The Question No One Dares Ask
Walking through the streets of Dahieh, Beirut’s southern suburb, you see them everywhere: portraits of Ayatollah Ali Khamenei alongside Hassan Nasrallah, hanging from lampposts, plastered on building facades, watching over a community that has come to depend on Tehran’s largesse for survival.
But here’s the uncomfortable truth Lebanese politicians whisper in private but never say publicly: What happens now that Khamenei is dead?
Now that he is gone, he’ll take with him the entire architecture of Iran’s regional strategy—an architecture in which Lebanon wasn’t just a piece, but perhaps the crown jewel. For a country already on its knees, barely breathing through the worst economic collapse in modern history, this looming transition could be the final blow that breaks us.
Or—and hear me out—it could be the catalyst that finally forces us to save ourselves.
The Patron We Love to Hate
Let’s be honest about what Iran means to Lebanon.
For my Shia neighbors in the South, Iranian support isn’t abstract geopolitics—it’s the hospital that treats their children, the cash payment that keeps them fed, the generator that powers their homes when the state provides two hours of electricity per day. It’s real, tangible, and irreplaceable.
For others—Christians in Achrafieh, Sunnis in Tripoli, Druze in the Shouf—Iranian influence is the suffocating hand that prevents Lebanon from breathing, the veto power that blocks every reform, the foreign agenda that supersedes our national interest.
Both perspectives are true. And that’s precisely our problem.
Iran, through Hezbollah, has become both Lebanon’s life support and its parasite. We depend on it because our state has failed, and our state continues to fail partly because that dependency removes any incentive for reform.
The Coming Storm
Now that Khamenei is gone—Lebanon will face a reckoning we’re catastrophically unprepared for.
The Money Will Dry Up
That $1bln USD annual pipeline to Hezbollah? Don’t expect a smooth transition. Iranian succession battles are notoriously messy. Supreme Leader candidates will be too busy consolidating power in Tehran to worry about maintaining services in The south and Baalbek.
What this means practically:
- The hospitals Hezbollah runs will run out of medicine
- The monthly stipends supporting 150,000 families will stop
- The fuel shipments that have kept some lights on will cease
- The reconstruction money promised after the war in the south will vanish.
For hundreds of thousands of Lebanese, this isn’t political abstraction. It’s existential.
The Political Earthquake
So what happens when that backing becomes uncertain.
I’ve spoken with political analysts, former ministers, and militia commanders (all off the record, naturally—this is Lebanon). The consensus is sobering: no one knows.
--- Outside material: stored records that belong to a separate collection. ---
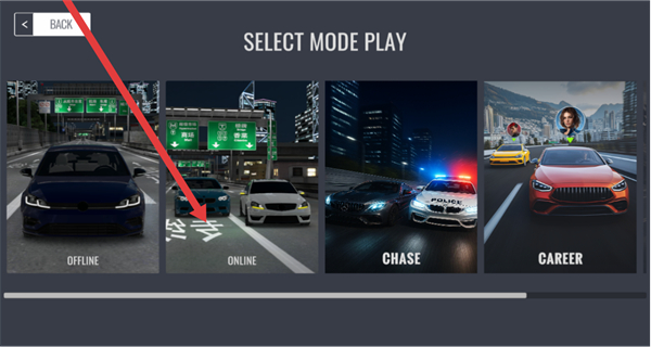 2、在“SELECT MODE PLAY”界面,选择ONLINE模式,进入联机房间列表页面。
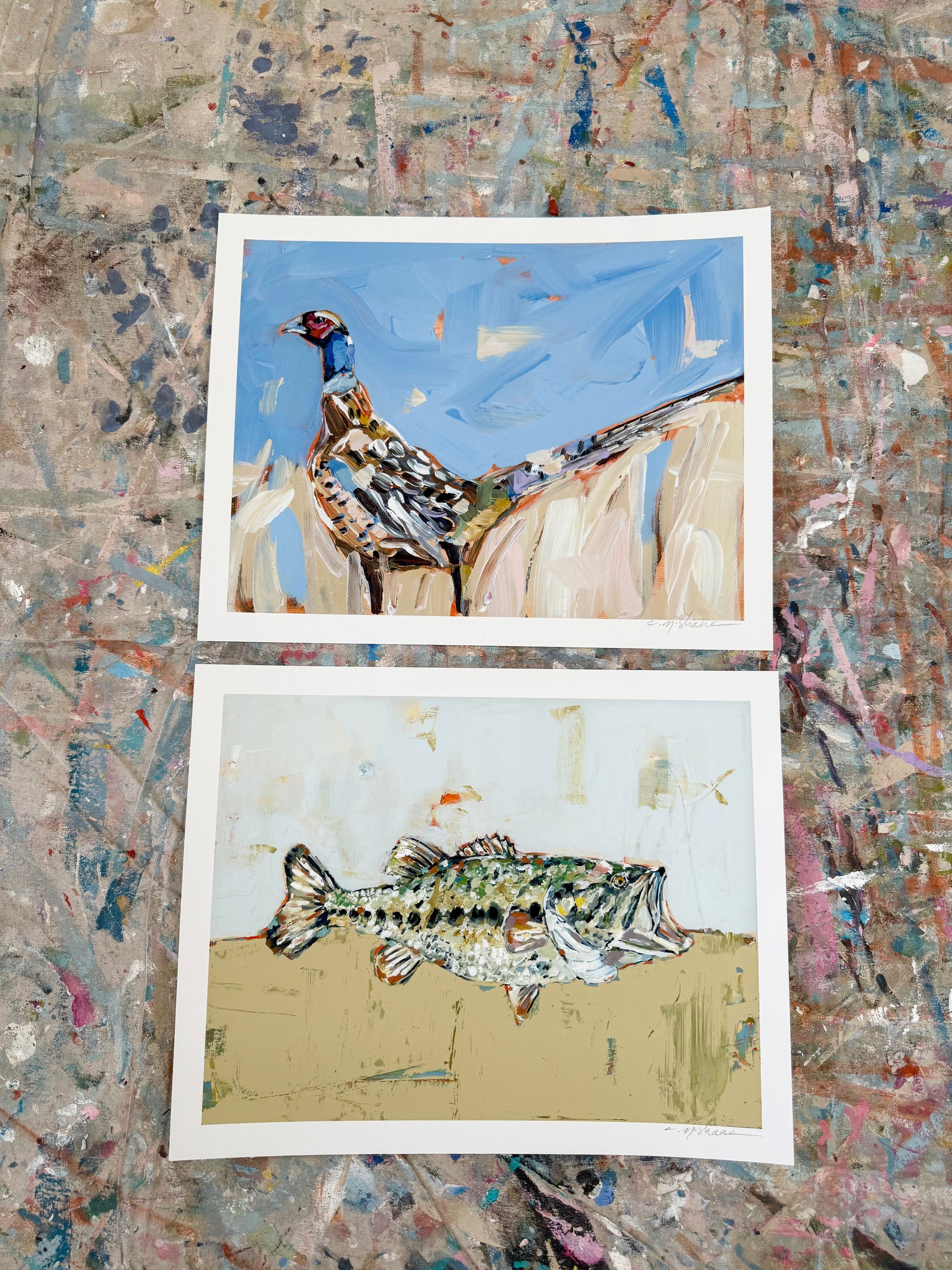 "Pheasant & Bass" 14X11 hand signed paper prints (set of 2)
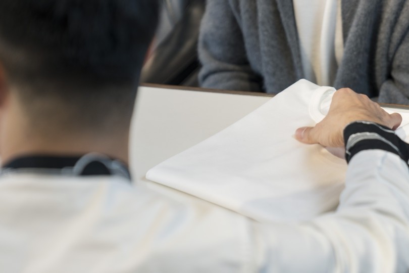 「植松さんに提案した糸はインドの超長綿マハバーラ。手摘み収穫されるので油分が残り、美しい光沢としなやかな手触りが特徴です。これを100番手の双糸に紡績してからハイゲージスムースに編み立てて、シルケット加工を施しています。薄手ですが透けにくく、伸縮性も高いので着心地も良いものが出来ました。工場も会社名も、すべてリーフレットに明記してあります」。
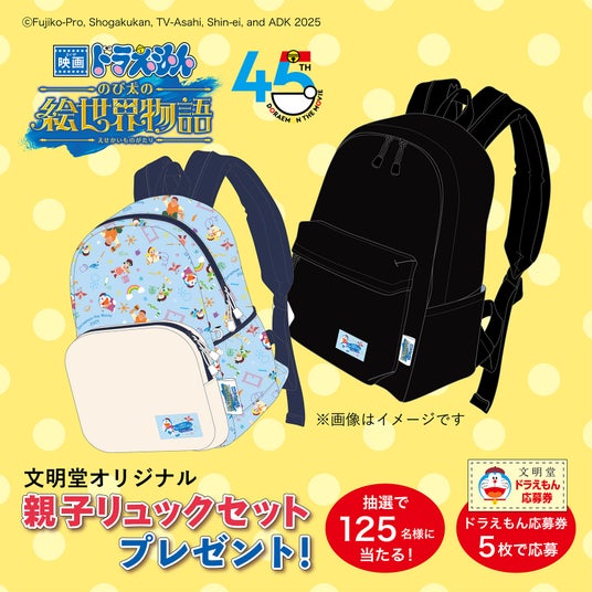 みんなで食べよう♪文明堂オリジナル親子リュックセットが125名様に当たる!「映画ドラえもん のび太の絵世界物語(えせかいものがたり)」限定デザインのどら焼きが2025年2月19日新登場!
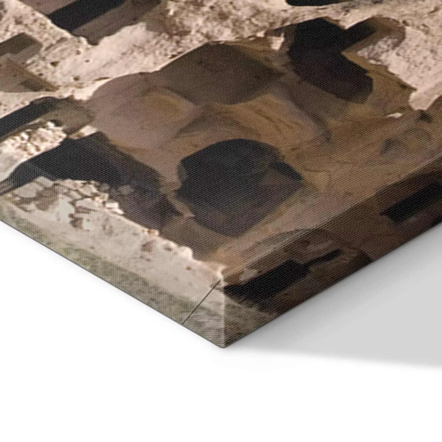 De print wordt aangebracht op hoogwaardig canvas dat op een schildersweefgetouw (spieraam) wordt gespannen. Omdat de print de zijranden bedekt, hoeft het ontwerp niet met een extra kader te worden omlijst. Wij raden ook composities aan die uit meerdere foto's bestaan en zo een coherente compositie vormen.
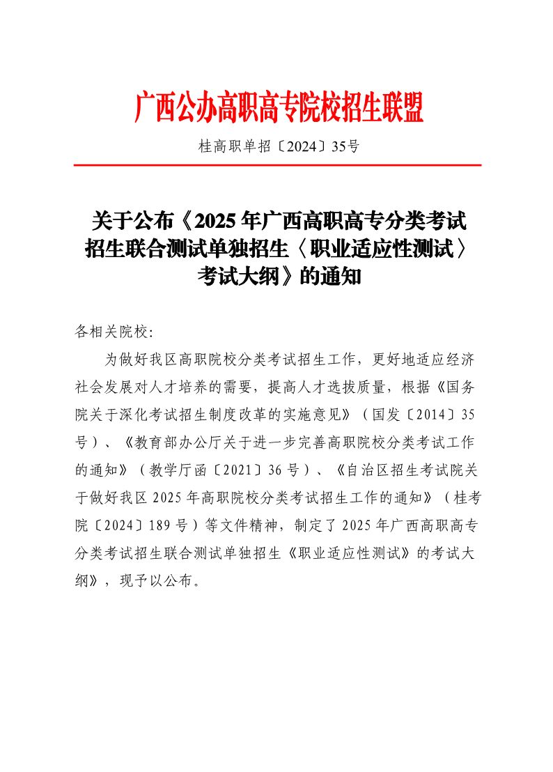 2025年广西高职高专分类考试招生联合测试单独招职业适应性测试考试大纲及样题 来源:文/ 广西公办高职高专招生联盟 发布时间:2024-12-13 16:36:13 浏览次数: 次 【字体:小 大】 终审:gxxdzsc001 【打印正文】 相关信息

Will Hezbollah become more Lebanese, forced to compromise without Tehran’s unconditional backing? Will it fragment into competing factions backed by different Iranian power centers? Will it double down on militancy to prove its revolutionary credentials?
The answer matters enormously. One path leads to political opening; another leads to internal instability.
What I Fear Most
I’ve covered Lebanon’s the financial crises for years—the currency collapse, the bank heist by our own government dodgy fiscal policies and financial elite, the port explosion, the exodus of doctors and engineers. But this potential scenario keeps me up at night.
Because it combines all our worst vulnerabilities:
The Service Gap
When Hezbollah’s welfare system falters, who fills the gap? The Lebanese state that can’t provide electricity? The international community that conditions aid on reforms our politicians refuse? The Gulf states that won’t invest while Hezbollah maintains its arsenal?
The vacuum will be filled by desperation, and desperate people make dangerous choices.
The Sectarian Powder Keg
For three decades, Hezbollah’s overwhelming military superiority has paradoxically maintained a kind of peace—the peace of imbalance, where challenging the status quo seems futile.
But if that superiority becomes questionable, if funding dries up, if internal divisions emerge, other communities might see a moment to rebalance power. And in Lebanon, rebalancing power has historically meant only one thing.
I’m not predicting civil war. I’m saying the conditions that prevented one could evaporate quickly.
What I Hope For (Against All Odds)
But here’s what keeps me from complete despair: crises reveal truth.
For years, Lebanese politicians have blamed our paralysis on regional dynamics, foreign interference, and geopolitical complexity. These excuses, while not entirely false, have provided cover for corruption, incompetence, and the wholesale looting of our country.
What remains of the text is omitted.